BP and Shell stock may have edged up on this month's Q1 figures, but that doesn't mean all is well for the big oilers
May 9, 2017

Shares in London's oil majors, BP (BP.) and Royal Dutch Shell (RDSB), both ticked up on the publication of first-quarter results last week. The filings were also accompanied by glowing news headlines focusing on the "surge" in profits. This was understandable. BP's replacement cost profit - its preferred measure of profitability - hit $1.4bn (£1.1bn), against a loss of $485m in the first quarter of 2016. Two days later, Shell posted an even better profit leap, with the $3.4bn in earnings in the first three months of 2017 more than four times the comparative figure a year ago, and triple the final quarter of 2016.

But in the fast-moving and unpredictable world of commodities, those headlines looked somewhat incongruous. The majors' earnings came just as the price of Brent crude, the international benchmark for oil and gas prices, slipped towards levels not seen since Opec members struck a deal to curb supplies in late November.

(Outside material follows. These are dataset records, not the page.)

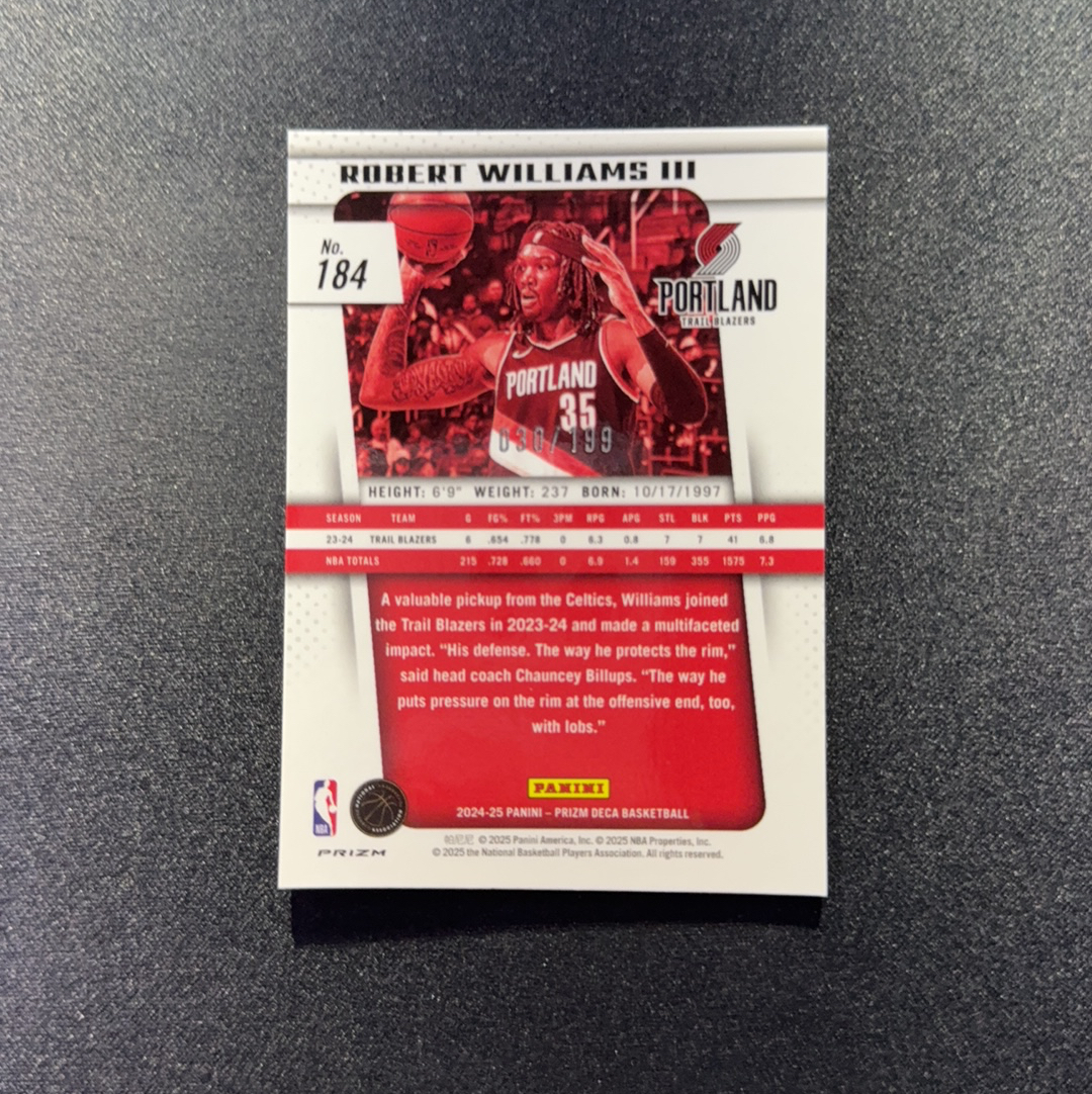 2024-25 Panini Prizm Robert Williams III 罗伯特 威廉姆斯 三世 开拓者 Deca 复古 红折 030/199编 杨瀚森塔图姆利拉德队友 卡品如图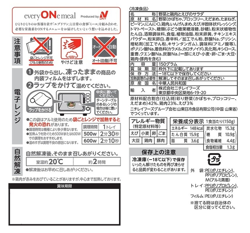 - [冷凍]【6個】ニチレイ everyONe meal グリルチキンとえびの彩り野菜ボウル 150g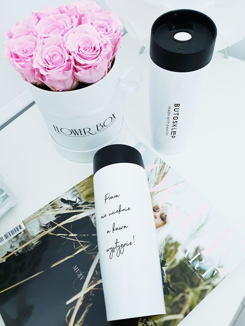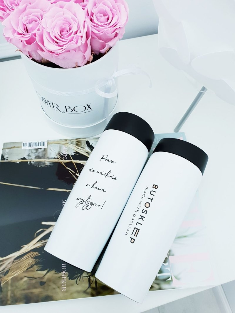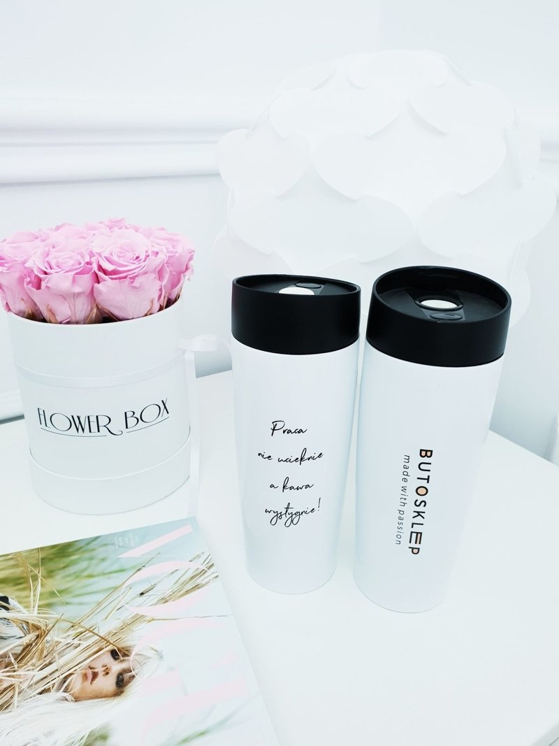 Kubek termiczny o pojemności 350 ml, z jednej strony logo z drugiej zabawny, ale prawdziwy tekst :) Podwójne ścianki ze stali nierdzewnej z próżnią między ściankami, dzięki czemu zachowuje funkcje termosu i długo utrzymuje temperaturę nie oddając jej na zewnątrz, plastikowa pokrywa, szczelne zamknięcie, funkcja push open / close, nie wymaga obsługi oburącz, matowe wykończenie. Wymiary: 21 x 6,5 cm Waga: 250 g

When we last wrote about the oil price - prompted by the International Energy Agency’s (IEA) suggestion that the market was "very close to balance" - it was clear that summer pricing would be dictated by demand growth, the scale of US tight oil's resurgence and the ability of the parties to the Opec agreements to make good on their promises. Since then, the oil price has faltered on the latter two factors, principally the belief that a further extension to the Opec deal will not be sufficient - or sufficiently adhered to - to offset US shale production.